В тот же вечер я сказал отцу, что не хочу больше ходить на пустырь, что там бродит аж десять бешеных собак.
— Дурень! А еще мужик называется! У тебя уже пушок на губе пробиваться начал! — Отец накричал на меня, а потом стал уговаривать, что, мол, в сентябре они построят навес и наймут сторожа, а до этого надо потерпеть, потому как больше караулить некому. Я забился в угол и сквозь слезы стал возражать ему:
— Там даже укрыться негде. В машине жарко, я иссохну и в мумию превращусь. А завтра еще больше собак бродячих прибежит. Они все бешеные, небось. Укусят, и я бешенством заболею…
Отец уже открывал дверь, чтобы куда-то уйти, и только крикнул мне с порога:
— Там бродят собаки, но ни одной бешеной я среди них не видел, — и обмахиваясь веером, вышел. Мать молча убирала со стола.
— Завтра возьми мой зонтик от солнца. Залезешь в кузов, и собаки тебя не достанут…
Я молча отвернулся и лег.
— Да ты не знаешь, какая там жарища. Никакой твой зонтик не поможет, — пробормотав это, я пнул от отчаяния стену.
Мы с матерью думали, что отец, как всегда, пошел играть в маджонг, но не прошло и часа, как он вернулся и бросил мне что-то, завернутое в промасленную бумагу. Это была рогатка. Не маленькая, которые продавались в игрушечном магазине, а настоящая железная рогатка. И сама рогатка, и резина были прочными, чувствовалось, что это оружие.
— Из этой рогатки даже человека можно убить, если стрелять с близкого расстояния. Попробуй! Животина, она никогда не будет нападать на того, кто ее сильнее.
Я выспрашивал у отца, где он добыл эту рогатку, но он только посмеивался. В тот момент, когда я пробовал силу рогатки, натягивая резину, отец сказал:
— Запчасти в основном не днем крадут, а вечером. Если ты жары боишься, может, вечером пойдешь? Вечером можно забраться в машину и спать… — В его голосе слышалась настойчивость.
Я смешался и ответил, что лучше буду ходить днем, а про себя подумал, интересно, кто же дежурит там вечерами, и спросил об этом у отца.
— Сын моего знакомого, студент, подработать решил…
В этот день отец лег спать непривычно рано, еще не было и десяти, а вскоре послышался его храп.

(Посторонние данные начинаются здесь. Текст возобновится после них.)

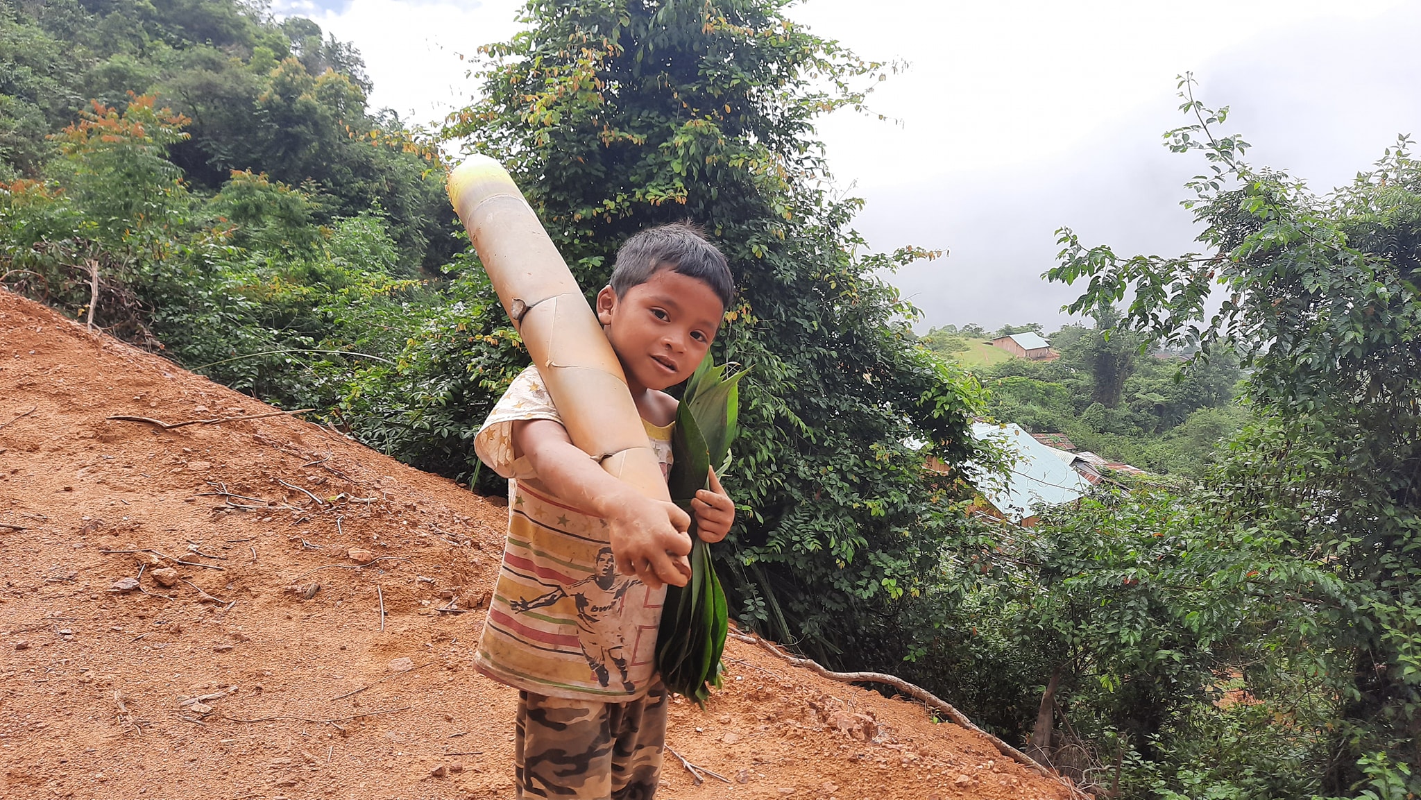 Đó là cảnh cậu bé lên 8 vác trên vai búp măng rừng cố vượt con dốc đất đỏ. Búp măng nặng và lớn hơn thân hình của em. Tay trái em cầm mớ lá dong xanh ngắt. Số hàng nàng em đã tự hái để đem đến hội trường thôn ủng hộ cho “người miền xuôi”.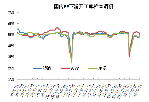 目前PP需求端整体偏弱。一方面目前是传统需求淡季,缺乏亮点,下游维持刚需为主,另一方面疫情使得终端需求雪上加霜,物流运输也受到限制。需求低迷成为PP上涨主要阻力,中下游采购积极性较低,后期疫情常态化下终端回补的弹性也不大。分地区来看,北方地区疫情得到控制,需求恢复,但是南方地区疫情扩散,停工企业增多。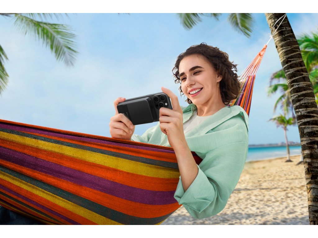 Această baterie externă combină perfect designul elegant cu caracterul practic. Acest lucru este demonstrat și de un detaliu interesant și practic: fixarea magnetică fermă a telefonului mobil cu ajutorul magneților N52 și suportul încorporat permit utilizarea acestuia ca suport care fixează telefonul mobil pe o suprafață sau în poziție verticală. Va fi pregătit pentru vizionarea confortabilă a videoclipurilor sau citirea știrilor, de exemplu.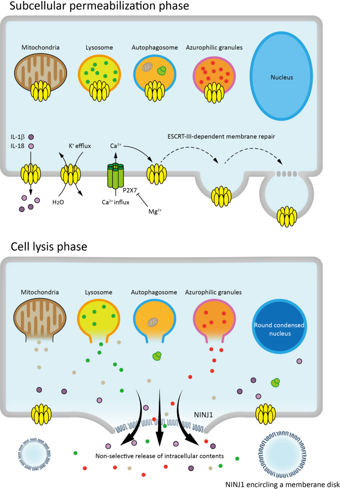 结果解读:焦亡分为可逆的亚细胞透化阶段(细胞器膜穿孔、炎症因子释放)和不可逆的细胞裂解阶段(质膜破裂、内容物释放)。亚细胞透化阶段的修复机制为临床干预提供了潜在靶点。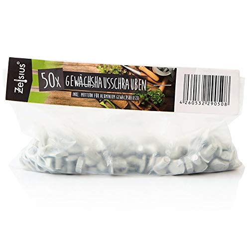Zelsius - Viti per serra (50 pezzi) con dadi, in acciaio anticorrosione, bulloni, viti a testa piatta, viti a testa piatta per tutti i tipi di serre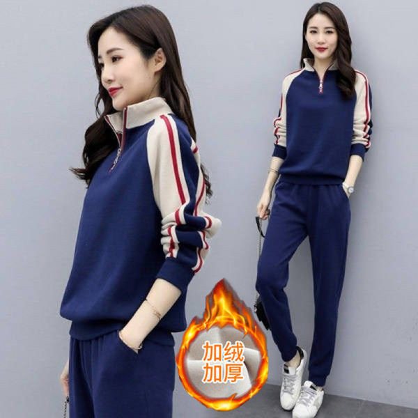 ベルベットの厚いカジュアルなスポーツスーツの女性秋冬の韓国版のゆるい長袖のズボンの2つのセット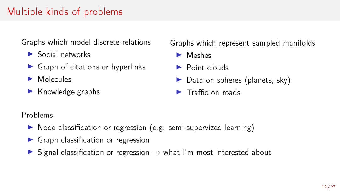 深度学习比如CNN已经在计算机视觉(CV)以及自然语言处理等领域取得了state-of-art 的水平,其中的数据可以被称作是一种Euclidean Data,CNN正好能够高效的处理这种数据结构,探索出其中所存在的特征表示。但是现实的处理问题当中还存在大量的 Non-Euclidean Data,如社交多媒体网络(Social Network)数据,化学成分(Chemical Compound)结构数据,生物基因蛋白(Protein)数据以及知识图谱(Knowledge Graphs)数据等等,这类的数据属于图结构的数据(Graph-structured Data)。CNN等神经网络结构则并不能有效的处理这样的数据。如何讲CNN的思想应用在graph数据上成为最近研究的一个热点。

На следующий день я налил чай в новый большой термос, завернул в платок коробочку с обедом и рогатку, взял на всякий случай зонтик от солнца, который мне навязала мать, и отправился на остановку рядом с Тидори-баси. На берегу реки я набрал камешков и положил их в карман.

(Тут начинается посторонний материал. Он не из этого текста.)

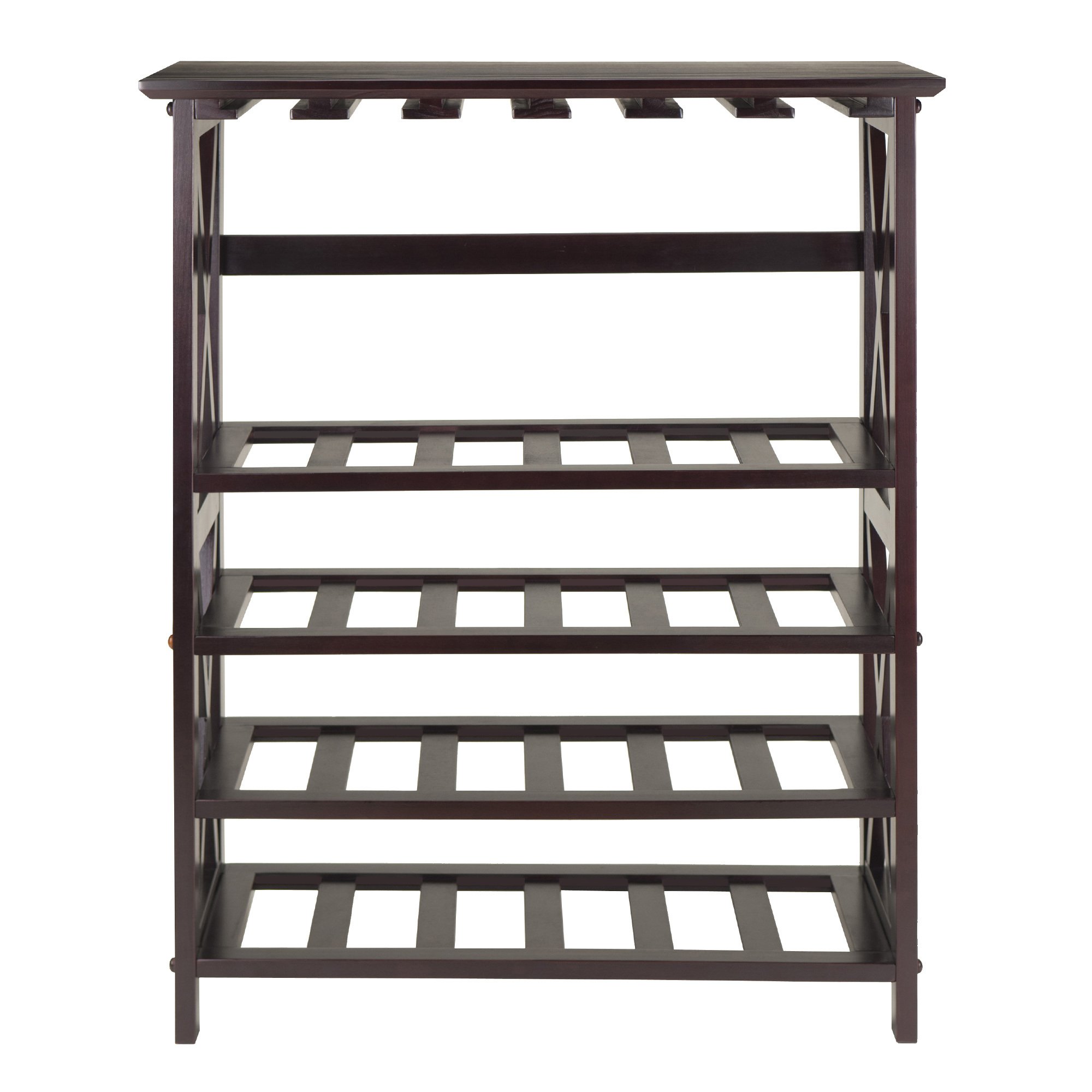 Rio wine Rack and Bar adds dining space and storage to your kitchen or dining room. This sturdy win rack able to accommodate up to 24 bottles and wine glasses. The simple style blends with X legs is great for kitchen or game room. Measures 28.74"W x 13.39"D x 35.67"H in Espresso Finish. Made from combination of solid and composite wood. Assembly Required.Overall size is 28.74"W x 13.39"D x 35.67"H. Top can use as serving station.Glass Rack holds up to 24 Champagne Glasses. Wine Rack holds 24 bottles with 5.31" shelf clearance.Made from combination of solid and composite wood in espresso finish. Assembly Required.nullnullnull This product meets the oversized requirement per UPS/FedEx. The shipping weight reflected is the dimensional weight. This product also meets the large package requirement per UPS/FedEx. The estimated shipping cost will include this fee. Large package is $70.00; applied when length plus girth [(2 x width) + (2 x height)] combined exceeds 130 inches. Additional Handling charge of $10.50 applied where a package's longest side exceeds 48 inches in length; the second longest side exceeds 30 inches in length; or total weight is greater than 70 lbs.This product meets the oversized requirement per UPS/FedEx. The shipping weight reflected is the dimensional weight. This product also meets the large package requirement per UPS/FedEx. The estimated shipping cost will include this fee. Large package is $70.00; applied when length plus girth [(2 x width) + (2 x height)] combined exceeds 130 inches. Additional Handling charge of $10.50 applied where a package's longest side exceeds 48 inches in length; the second longest side exceeds 30 inches in length; or total weight is greater than 70 lbs.

Казалось, что стало еще тише, чем вчера, тишина стояла просто мертвая. Оттого что я все время напряженно ждал, когда появятся собаки, время шло быстро. Сначала я залез под самосвал, положил камешки рядом с обедом и с рогаткой наготове приготовился держать оборону. Время от времени я тренировался, стреляя из рогатки по валявшимся на пустыре битым кирпичам. Я так увлекся, что не заметил, как моя макушка оказалась перемазанной машинным маслом. Рогатка была что надо, не игрушка какая-нибудь, и била точно.